What Determines the Level of Details That Should Be Included Within a Lawsuit Document?
Lawsuit Documents, Whether As a Claim or a Defence, Should Include Only the Material Facts. Material Facts Are the Details Required For An Understanding of Either the Legal Issues Raised or Response to Legal Issues Raised. Character Attacks or Irrelevant Details Within a Lawsuit Document Are Improper.
Understanding the Requirement to Plead Material Facts Including the Consequences For Failure to Properly Do So
What is said within a lawsuit document must be proper to the lawsuit process. Statements within a lawsuit document may be improper if irrelevant, if scandalous, if embarrassing such as statements that merely shine a negative light on other persons, or statements that are inherently unprovable. Where allegations are improper, the allegations should be struck.
Both the Rules of the Small Claims Court, O. Reg. 258/98 as well as the Rules of the Civil Procedure, R.R.O. 1990, Regulation 194, provide rules addressing the level of detail required within a proper lawsuit document. Specifically, the Rules of the Small Claims Court and the Rules of the Civil Procedure state:
7.01 (2) The following requirements apply to the claim:
1. It shall contain the following information, in concise and non-technical language:
ii. The nature of the claim, with reasonable certainty and detail, including the date, place and nature of the occurrences on which the claim is based.
9.02 (1) The following requirements apply to the defence:
1. It shall contain the following information:
i. The reasons why the defendant disputes the plaintiff’s claim, expressed in concise non-technical language with a reasonable amount of detail.
25.06 (1) Every pleading shall contain a concise statement of the material facts on which the party relies for the claim or defence, but not the evidence by which those facts are to be proved.
As provided within the procedural rules above, the pleading documents in a lawsuit are to include material facts stated in a clear and concise manner. What is a material fact, and the restrictions upon how a material fact should be stated was well explained in Stedfasts Inc. v. Dynacare Laboratories, 2020 ONSC 8008, wherein it was stated:
 Material facts include facts that the party pleading is entitled to prove at trial, and at trial, anything that affects the determination of the party’s rights can be proved; accordingly, material facts includes facts that can have an effect on the determination of a party’s rights. A fact that is not provable at the trial or that is incapable of affecting the outcome is immaterial and ought not to be pleaded. A pleading of fact will be struck if it cannot be the basis of a claim or defence and is designed solely for the purposes of atmosphere or to cast the opposing party in a bad light. As described by Riddell J. in Duryea v. Kaufman, such a plea is said to be “embarrassing”.

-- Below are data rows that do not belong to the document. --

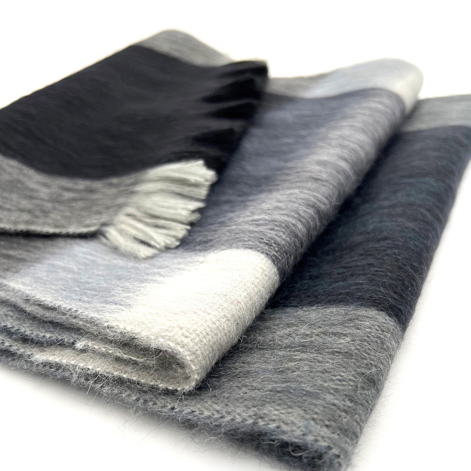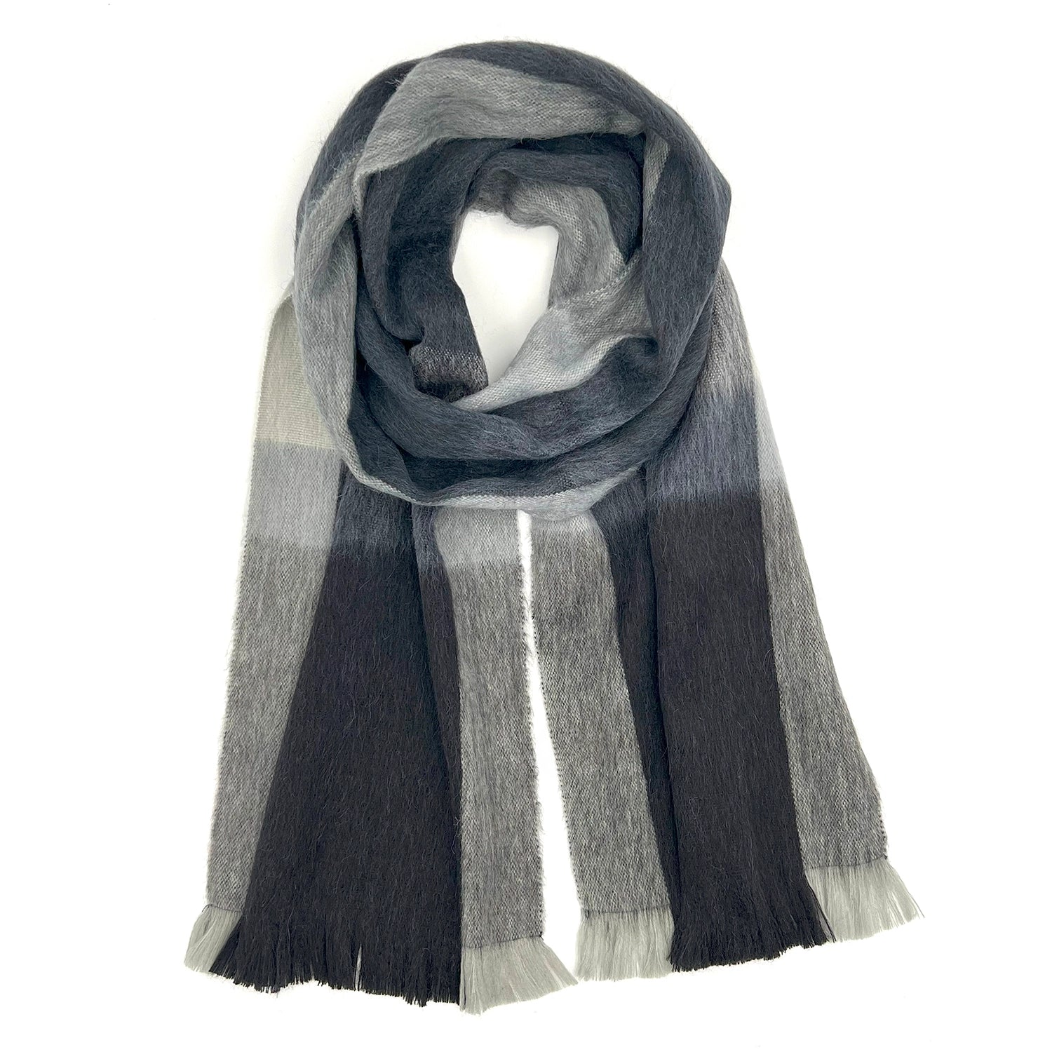 Understated yet powerful, the Steel Brushed Alpaca Scarf features a gradient of graphite, charcoal, and silvery ash tones in a bold plaid design. Woven from an ultra-soft brushed alpaca blend, this piece offers a featherlight hand feel with exceptional warmth. Its modern grayscale palette makes it a versatile unisex option that aligns beautifully with minimal, contemporary wardrobes.
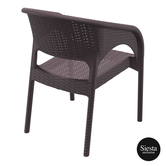 The Panama Armchair is an injection moulded resin chair, the non-metalic frame will never unravel, rust or decay, with rattan look seat and back. Reinforced with glass fibre to strengthen the legs and boost the weight capacity. The Panama Armchair is stackable, designed for outdoor use, UV stable and weather proof, it will not fade or go brittle in Australia’s harsh outdoor conditions. Strong yet lightweight, this chair will add class to your venue. It’s sleek profile is pleasant to the eye so this chair is as charming as it is functional. Very easy to clean, just hose it down.
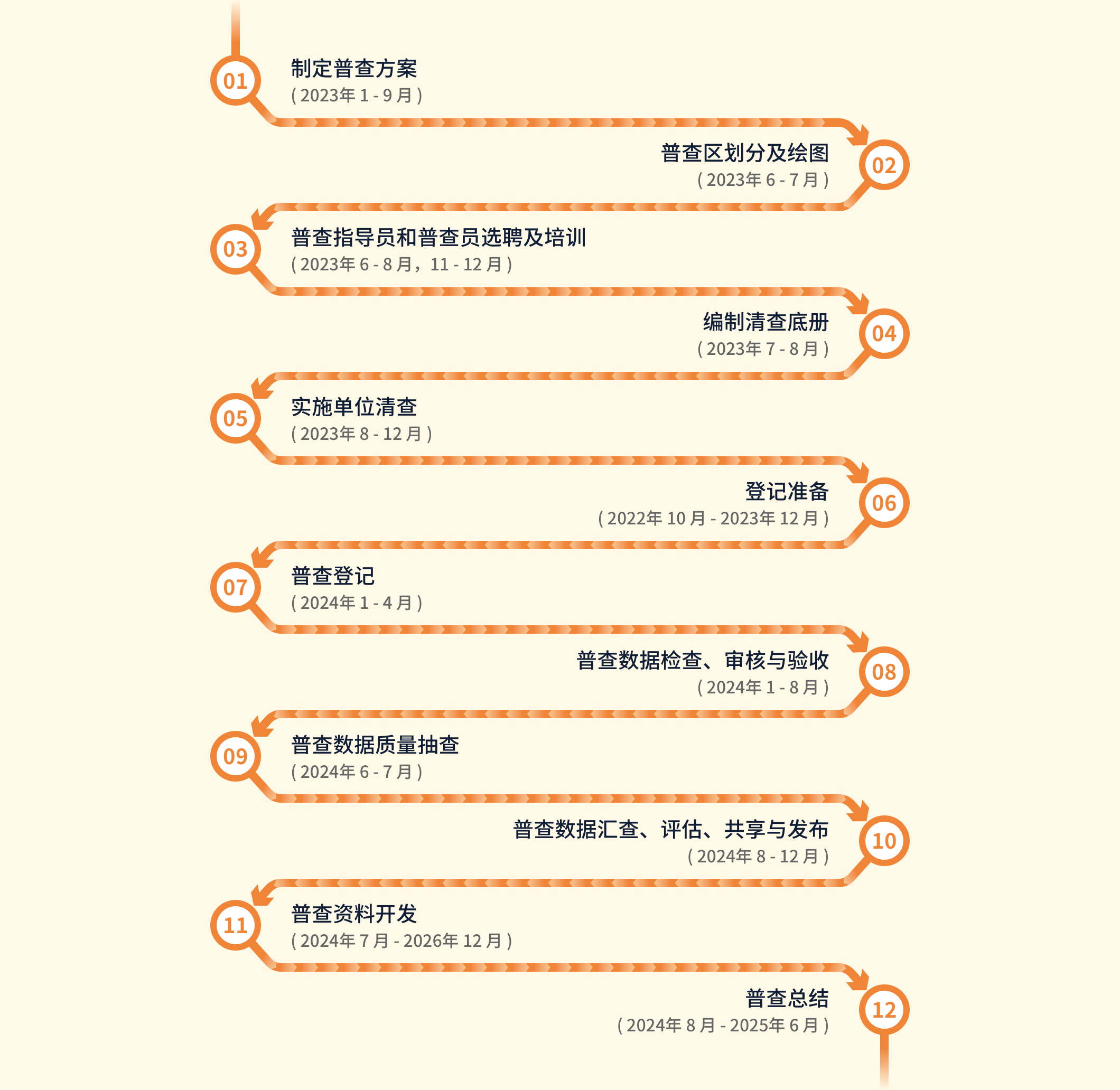 普查的业务流程主要包括:制定普查方案,普查区划分及绘图,普查指导员和普查员选聘及培训,编制清查底册,实施单位清查,登记准备,普查登记,普查数据检查、审核与验收,普查数据质量抽查,普查数据汇总、评估、共享与发布,普查资料开发及普查总结等12个环节。
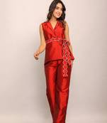 Maroon Red Solid Co Ord Set With Waist Tie Up Belt
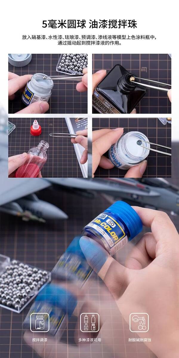 ・ステンレス製ですので、耐銹性・耐食性・耐酸性があり、ラッカー系塗料、水性塗料とも安心して使用できます。(近年人気のファレホには、ステンレスでないスチール(鉄)ボールを使用するとビン内部で鉄球がサビるという情報があります)
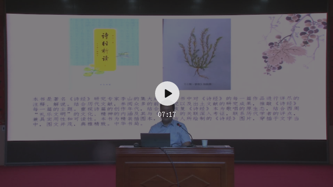 为了更好地解读诗经,大众讲坛邀请山东省图书馆中文图书典阅部主任、副研究馆员、博士金晓东,做了《为何推广<诗经>》 《<诗经>中的爱国主义诗篇》 《<诗经>中的孝顺父母诗篇》《<诗经>中的祝福诗篇 》《如何推广诵读<诗经>》等诗经解读讲座,7月20日起将陆续在微信推出。
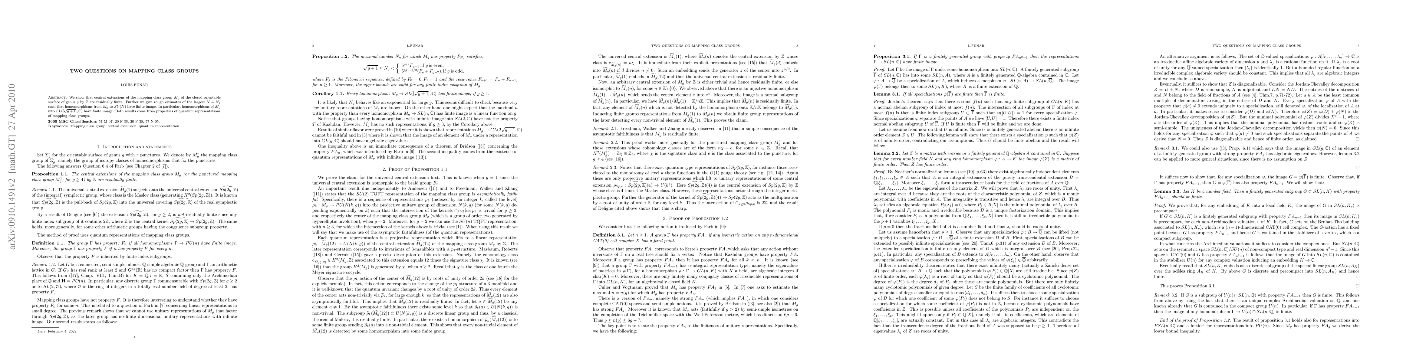 We show that central extensions of the mapping class group $M_g$ of the closed orientable surface of genus $g$ by $\Z$ are residually finite. Further we give rough estimates of the largest $N=N_g$ such that homomorphisms from $M_g$ to SU(N) have finite image. In particular, homomorphisms of $M_g$ into $SL([\sqrt{g+1}],\C)$ have finite image. Both results come from properties of quantum representations of mapping class groups.
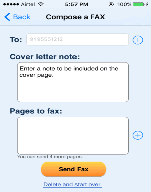 Fax Burner is another free app which can be used to send free faxes from iPhone and also receive faxes. But, the free version of this app is limited for sending only 5 outbound fax pages per month for each account. This app also allows you to send faxes to anywhere in the world. To send a fax, all you need to do is enter the recipient’s number, cover letter note, and add photos as fax pages.
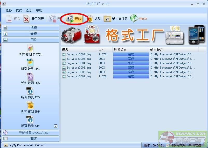 点击后, 然后自己找到想要转换格式的图。。。↓ 选好后,像下图这样,按确定。。。↓ 按了确定后,他会转回开始的画面,然后按开始。。↓ 即可完成。。。。
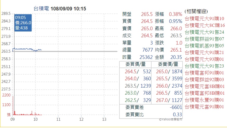 晶圓代工龍頭台積電 (2330-TW) 將於周二 (10 日) 公告 8 月營收,由於美系手機大廠新機將於 9 月問世,加上華為 5G 新機啟動拉貨,7 奈米出貨動能顯著升溫,法人估台積電 8 月營收將續揚,月增幅可望超過 1 成,有機會逼近、甚至超越千億元。台積電在今(9)日股價持續走高,早盤以265.5元開出,一度拉升至266元,盤中漲幅0.56%。
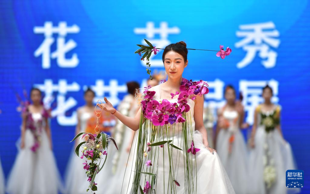5月10日,辽宁农业职业技术学院学生进行花艺秀展示。
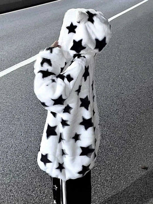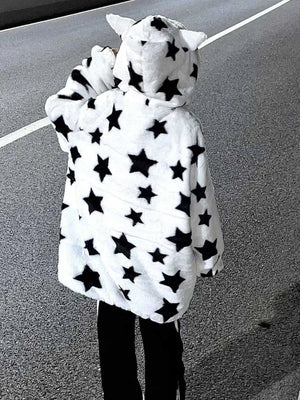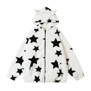 Fuzzy Star Oversized Zip Up Hoodie 🌟✨ – Cozy, Cute, and Kawaii!
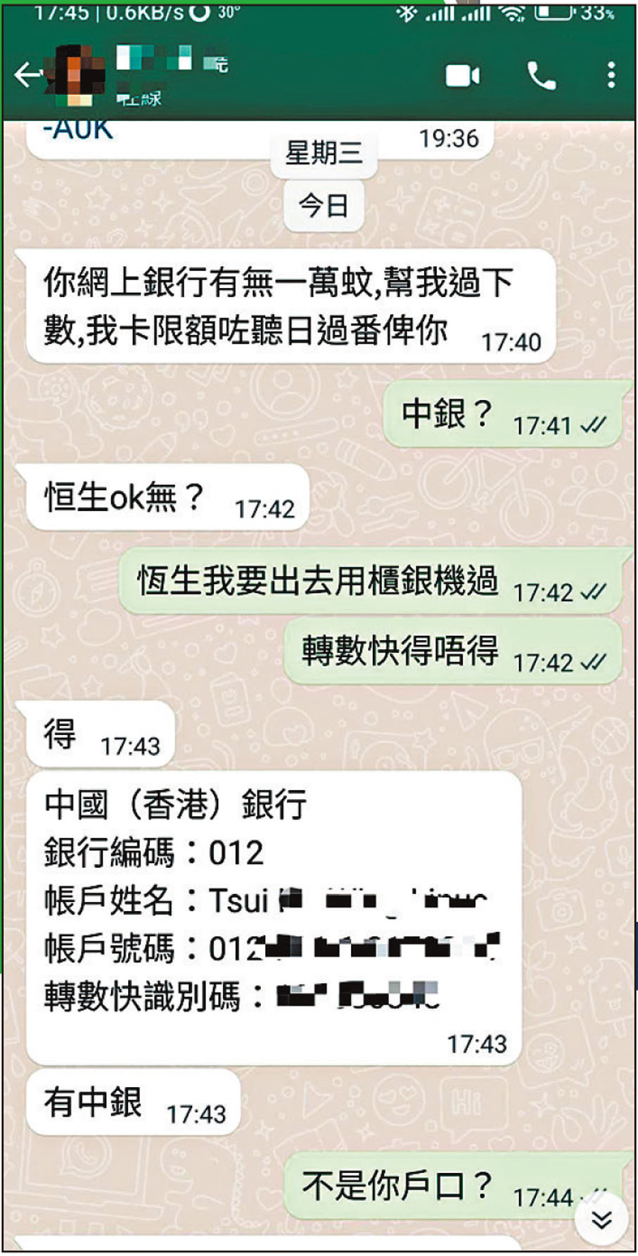 他表示,該騙徒上月25日在其賬戶冒充他向朋友借1萬元,訛稱銀行卡因限額問題未能過數,翌日會歸還款項,但騙徒所提供的銀行戶口用戶姓徐,亦非其姓名,故引起其朋友懷疑,致電向他查詢,他才知賬戶遭「騎劫」,其朋友亦未有損失。
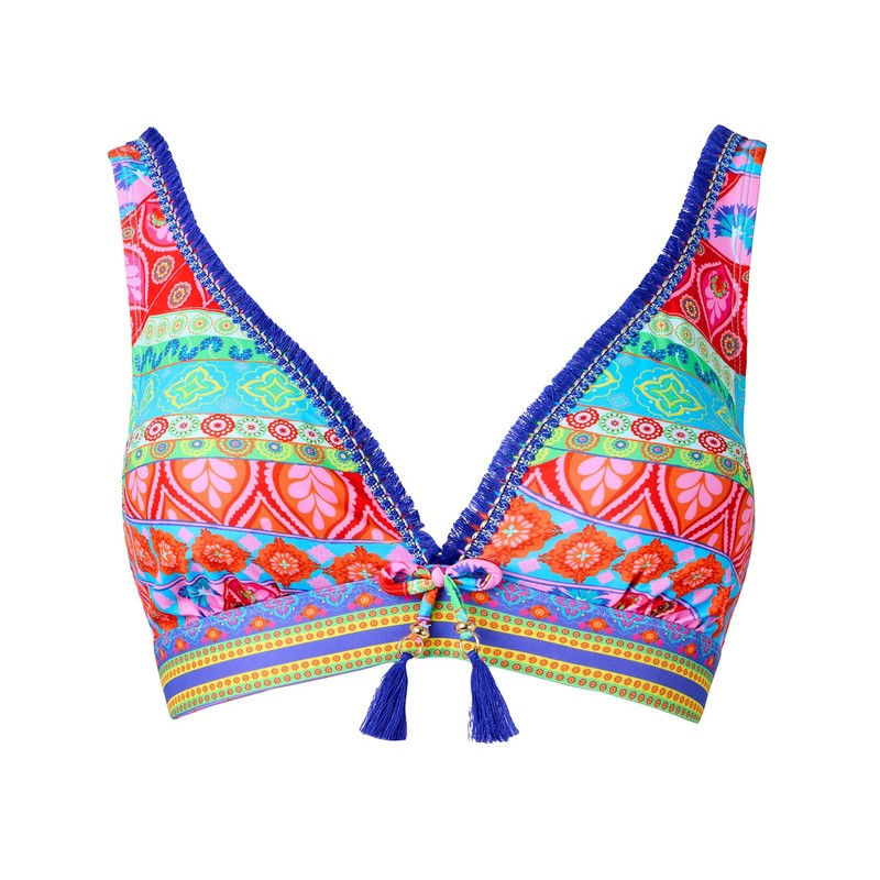 - Boasting sunshine-ready colours, a patchwork print, and tassel trims, this bikini top oozes boho style.
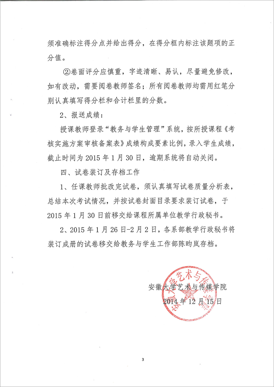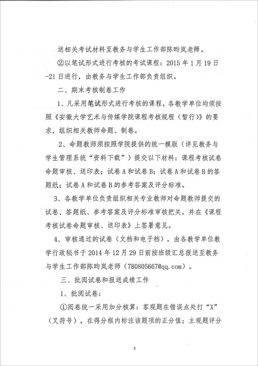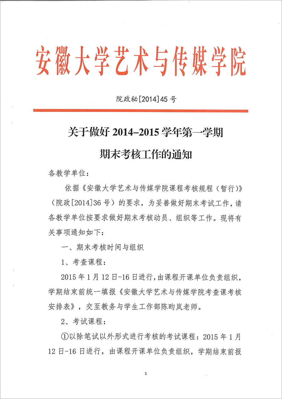 关于做好2014-2015学年第一学期期末考核工作的通知
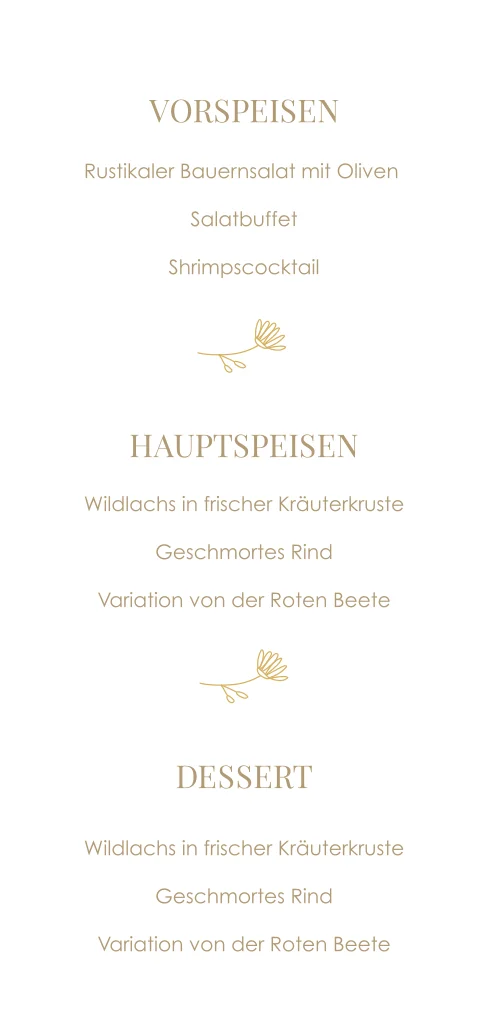 Goldfolie Menükarte mit goldenen Blumen
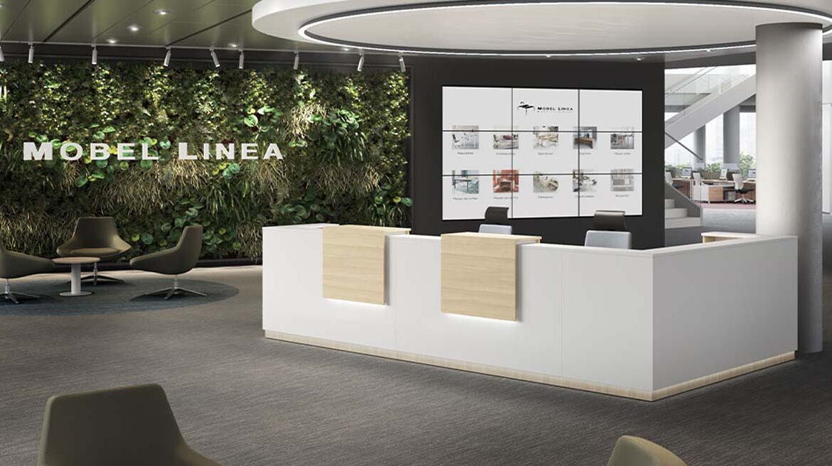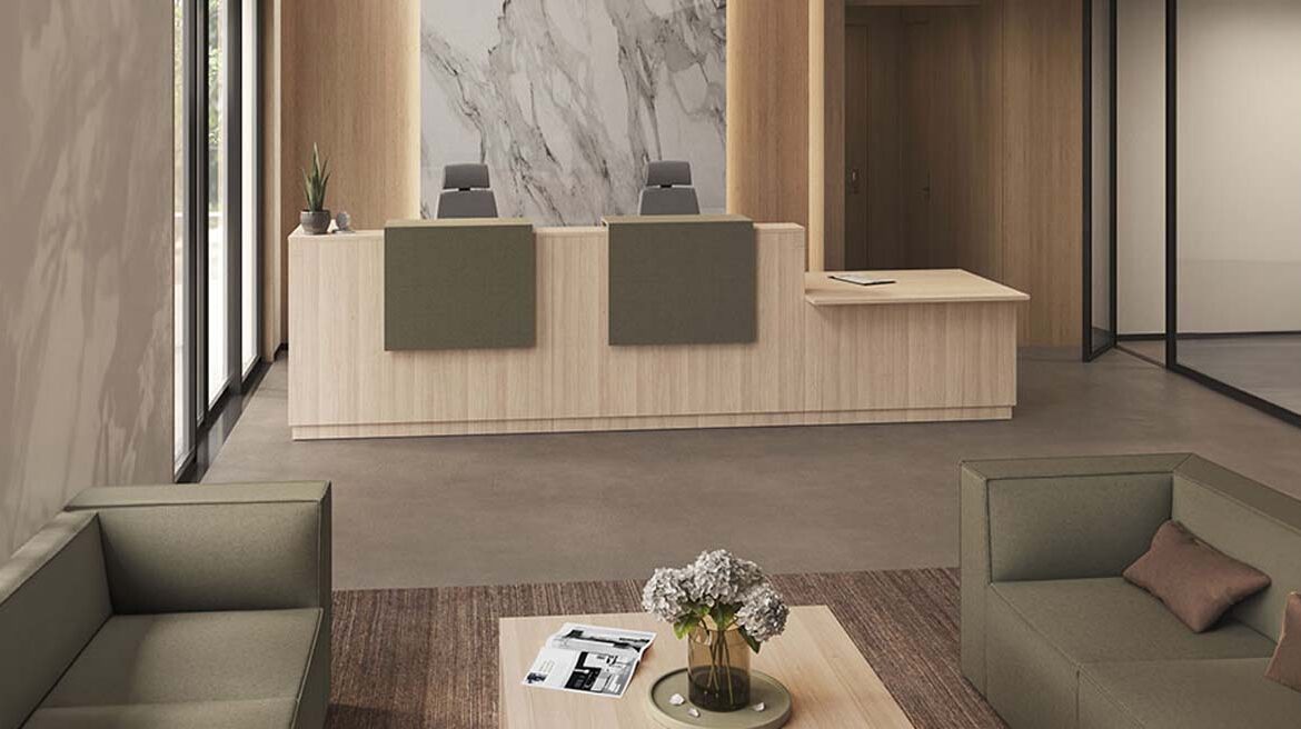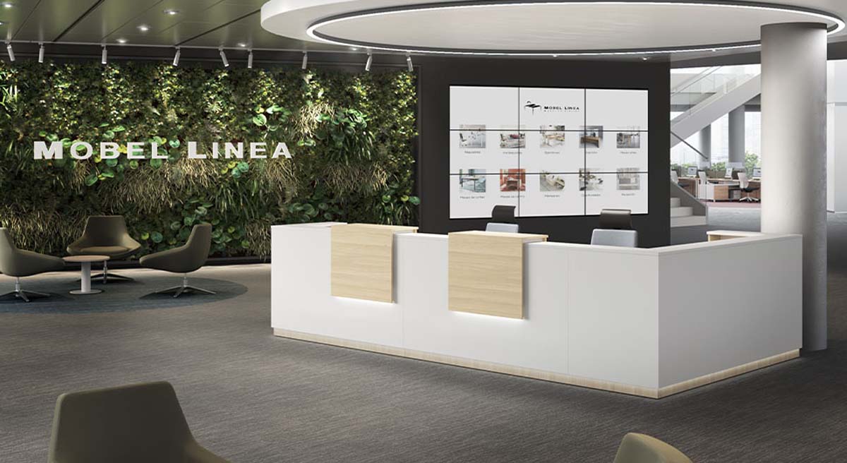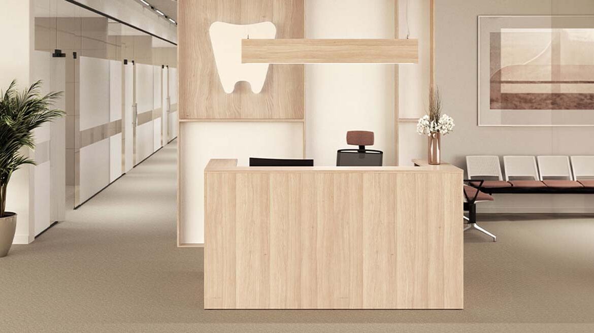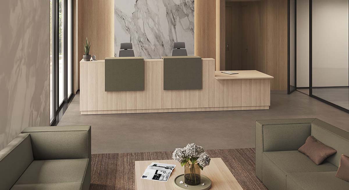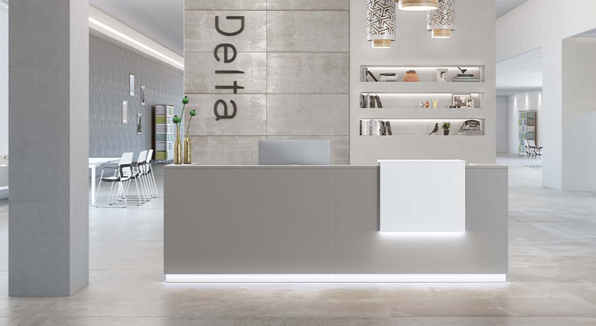 El mostrador recepción, al minimalismo y versatilidad le añadimos detalles elegantes como el zócalo y los encuentros a inglete de la parte superior del mostrador. Elementos que hacen de este mostrador recepción uno de los mejores de su gama en relación calidad-precio. Dispone de crecimiento horizontal, pudiendo hacer composiciones en esquina y módulos bajos de atención al público. Sin duda una de las recepciones más solicitadas hoy en día en las oficinas.

 “Material” facts include facts that establish the constituent elements of the claim or defence. The causes of action must be clearly identifiable from the facts pleaded and must be supported by facts that are material.
 A pleading shall contain material facts, but it should not contain the evidence by which those facts are to be proved. Pleadings of evidence may be struck out. The prohibition against pleading evidence is designed to restrain the pleading of facts that are subordinate and that merely tend toward proving the truth of the material facts.
As per Stedfasts, a case proceeding in the full Superior Court, pleading evidence, meaning pleading the factual details as to how the material facts will be proven, is micro detail and is prohibited by the Rules of the Civil Procedure. Simply said, alleging a material fact is proper; however, alleging the evidence that is available to prove the material fact is improper. Furthermore, while the Rules of the Small Claims Court are silent about the impropriety of pleading evidence, doing so remains frowned upon. Furthermore, if a Small Claims Court case is, for some unforeseen reason, transferred to the full Superior Court, a Small Claims Court pleading that contains pleadings of evidence, may become problematic in addition to improper.
The rules of pleading should be carefully adhered to. Pleadings, whether as a claim document or as a defence document, should contain only material facts without stooping to using a pleading document to engage in character attacks or for making prejudicial statements. Only statements that are relevant should be contained within a pleading.